- Born: Mary Tooke
- Known for: King's printer in Ireland

= Mary Crooke =

Irish printer and bookseller

Mary Crooke (fl. 1657–1692) was an Irish printer and bookseller.

==Life==
Mary Crooke was born in London, the daughter of haberdasher, Edmond Tooke. She married the king's printer in Ireland, John Crooke. They had four sons and three daughters. After his death in 1669 Crooke's brother, Benjamin Tooke, who had been an apprentice to her brother, was granted the patent of the king's printer in Ireland. He held this patent in trust for Crooke and her sons, John and Andrew, who were still minors. In practical terms, this meant that Crooke became the king's printer and held a monopoly on the printing, binding, and selling of books in Ireland. This made her one of the earliest recorded women printers in Ireland, along with Jane Jones in the 1740s.

Crooke operated from three premises in Dublin, Castle Street from 1670 to 1678, from King's Printing House, Skinner Row from 1678 to 1683, and then from Ormond Quay from 1683 to 1685. In 1677, she gave a silver cup to the Stationers' Company of London, and her apprentices in London were freed. Crooke's printing output was prodigious and her standards were low, while maintaining the business for her sons and resisting rival printers encroaching on her markets. She filed a petition against Thomas Bladen, who was forbidden to print, to the lord lieutenant in 1671, leading to his press being appropriated by the king's printer by order in 1673. In 1680 she took out a further petition against Joseph Ray, in which she was successful but which he ignored. When Crooke inherited the business it was heavily in debt, with her leadership it was profitable by the time her sons succeeded her.

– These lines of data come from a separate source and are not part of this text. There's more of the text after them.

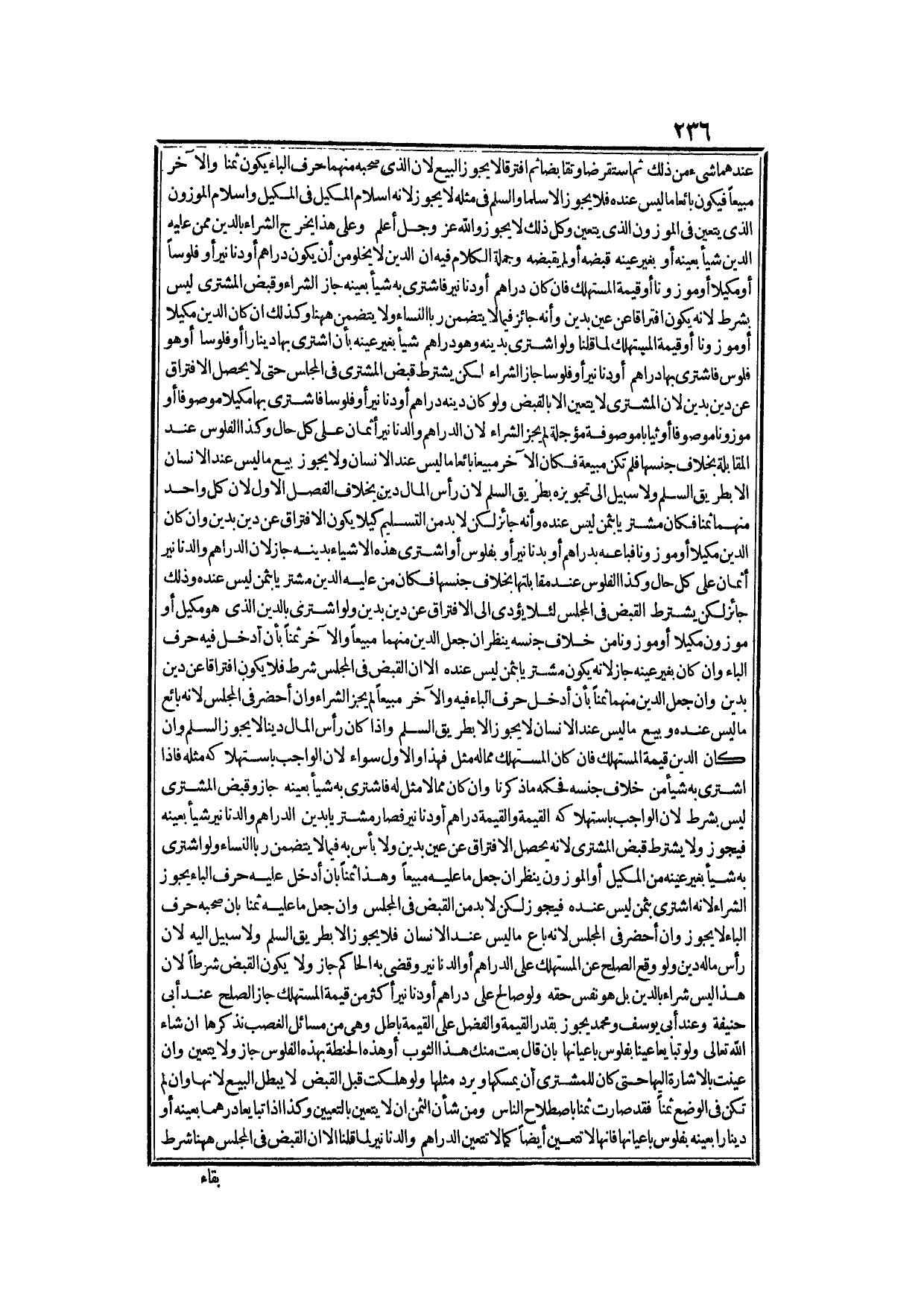 عِنْدَهُمَا شَيْءٌ مِنْ ذَلِكَ ثُمَّ اسْتَقْرَضَا، وَتَقَابَضَا ثُمَّ افْتَرَقَا لَا يَجُوزُ الْبَيْعُ؛ لِأَنَّ الَّذِي صَحِبَهُ مِنْهُمَا حَرْفُ الْبَاءِ يَكُونُ ثَمَنًا، وَالْآخَرُ مَبِيعًا فَيَكُونُ بَائِعًا مَا لَيْسَ عِنْدَهُ فَلَا يَجُوزُ إلَّا سَلَمًا، وَالسَّلَمُ فِي مِثْلِهِ لَا يَجُوزُ لِأَنَّهُ إسْلَامُ الْمَكِيلِ فِي الْمَكِيلِ، وَإِسْلَامُ الْمَوْزُونِ الَّذِي يَتَعَيَّنُ فِي الْمَوْزُونِ الَّذِي يَتَعَيَّنُ، وَكُلُّ ذَلِكَ لَا يَجُوزُ، وَاَللَّهُ - عَزَّ وَجَلَّ أَعْلَمُ.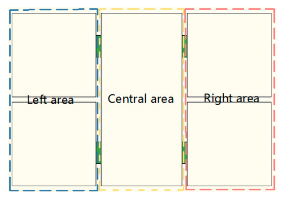 In the interior space, high-level space is composed of a number of low-level subspaces, these subspaces with common features or locations can be divided into classes. As shown in Figure 5, the example indoor space can be simply divided into left, middle, and right areas. Similarly, residential can also be divided into public areas and living areas. Large shopping malls can also be based on the layout of the shop layout and indoor trails on the overall space. The complex interior space is divided into several different features that simplify the search of the indoor topology path. Through several parts of the connection elements, the search can quickly be conducted from the starting point to the end of the topology path. There is no need for unnecessary searching.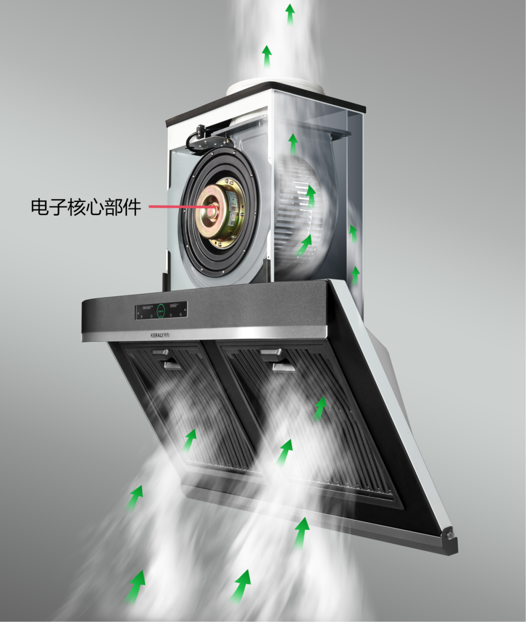 有了好的“心脏”,还需要一个好的“工作环境”。开力核心技术——油电分离技术,将烟机内部的油路和电路做了物理隔离。简单来说,就是让油烟中的油脂和电机“不见面”。这样做的好处很实际: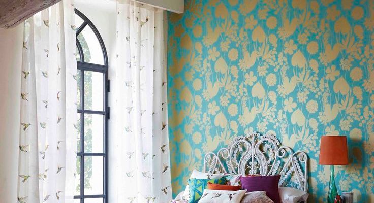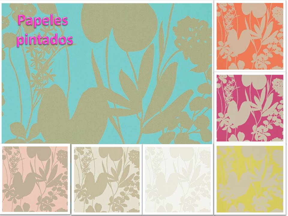 El papel pintado en color turquesa con la silueta de motivos botánicos y con reflejos brillantes, está también en otros colores, aquí en esta imagen te los muestro.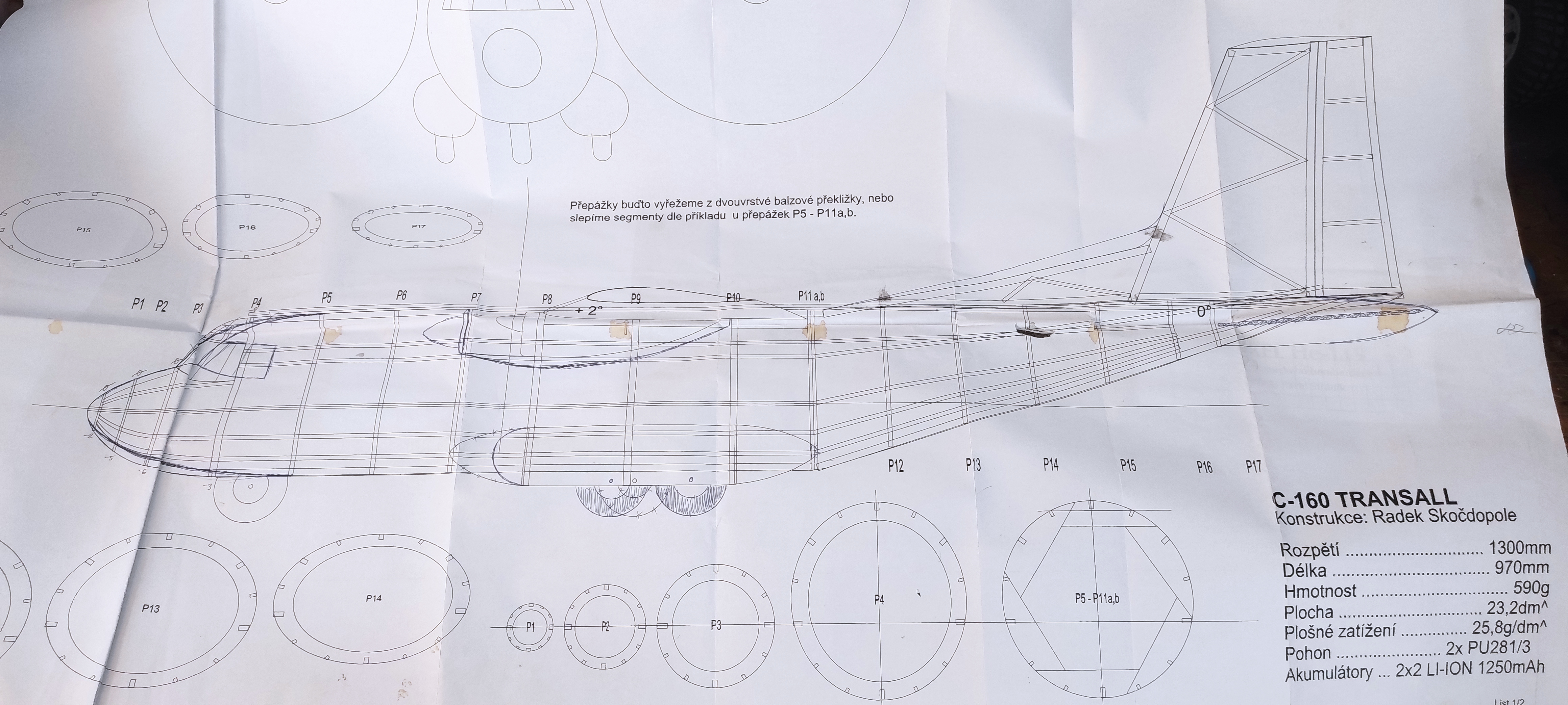 Dneska jsem náhodou potkal plánek podle kterého jsem stavěl plechového Transalla a při té příležitosti zrovna vyfotil tu část, kde mám propiskou dokreslené změny tvarů které mi neseděly se vzhledem skutečného letadla a těch jsem se i držel a podle nich letadlo postavil. Bylo značně zjednodušené, tak jsem si s tím dal práci a postavil podle mých úprav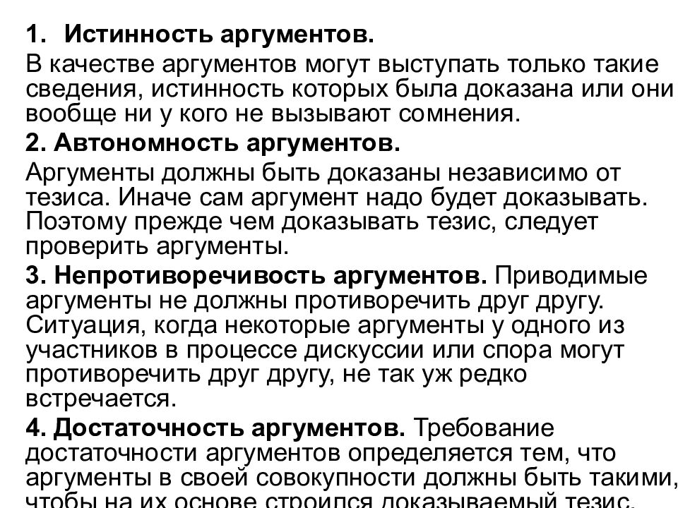 Истинность аргументов. В качестве аргументов могут выступать только такие сведения, истинность которых была доказана или они вообще ни у кого не вызывают сомнения. 2. Автономность аргументов. Аргументы должны быть доказаны независимо от тезиса. Иначе сам аргумент надо будет доказывать. Поэтому прежде чем доказывать тезис, следует проверить аргументы. 3. Непротиворечивость аргументов. Приводимые аргументы не должны противоречить друг другу. Ситуация, когда некоторые аргументы у одного из участников в процессе дискуссии или спора могут противоречить друг другу, не так уж редко встречается. 4. Достаточность аргументов. Требование достаточности аргументов определяется тем, что аргументы в своей совокупности должны быть такими, чтобы на их основе строился доказываемый тезис.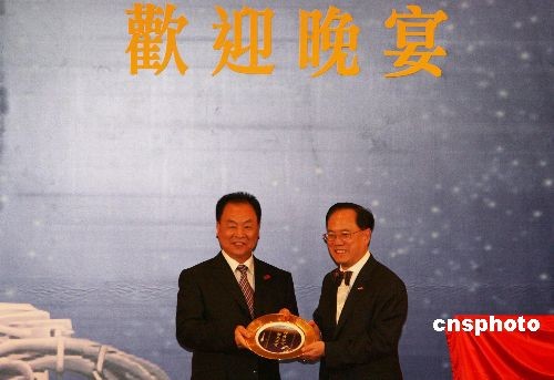 圖為香港特別行政區(qū)行政長官曾蔭權(quán)向代表團(tuán)團(tuán)長張建啟贈(zèng)送禮物。中新社發(fā) 武仲林 攝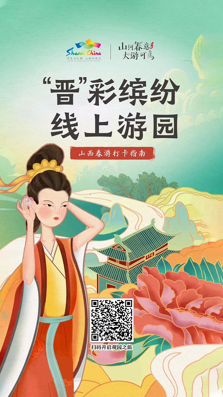 人民網(wǎng)太原4月20日電(桑莉媛)花開晉染、珍味晉有、芳華晉藝、匠心晉展。近日,山西省文化和旅游廳策劃推出了《晉彩繽紛·線上游園》互動H5,以四大板塊來展示山西春日之美,邀廣大網(wǎng)友一起線上游園,云賞山西好風光!

Tooke and Crooke's son John became joint king's printers of Ireland in March 1671, a position they held for their lives. In August 1671, Tooke declared his trusteeship of the office for Crooke and her sons by deed. As they reached age, Crooke took her sons in partnership, John in 1679 and Andrew in 1680, retaining half of the profits for herself and her other children, by deed, and a quarter each to her sons so long as they maintained the business. She transferred the Skinner Row printing house to her sons in 1681, while she continued to operate from Ormond Quay. Her son John died intestate in 1683, with Crooke granted administration.

A dispute developed between Crooke and Andrew, leading to her dropping his name from official documents and Andrew running his Skinner Row printing press in rivalry to hers. Andrew filed two bills against Crooke on 3 November 1684 in the court of exchequer to negotiate for the patent rights of the king's printer. She replied by referring to the deed of 1680 which allowed her sons to share in the press' profits so long as they attended to the business, she complained that they had neglected the business, wasting stock-in-trade, and that Andrew set up his press in direct competition to hers. In 1685, an agreement was reached, with Crooke retiring that year, travelling to London to speed up the granting of the patent. It was granted to Andrew in 1686 with his partner Andrew Helsham assigned to Tooke as king's printers. Crooke made her will on 23 June 1685.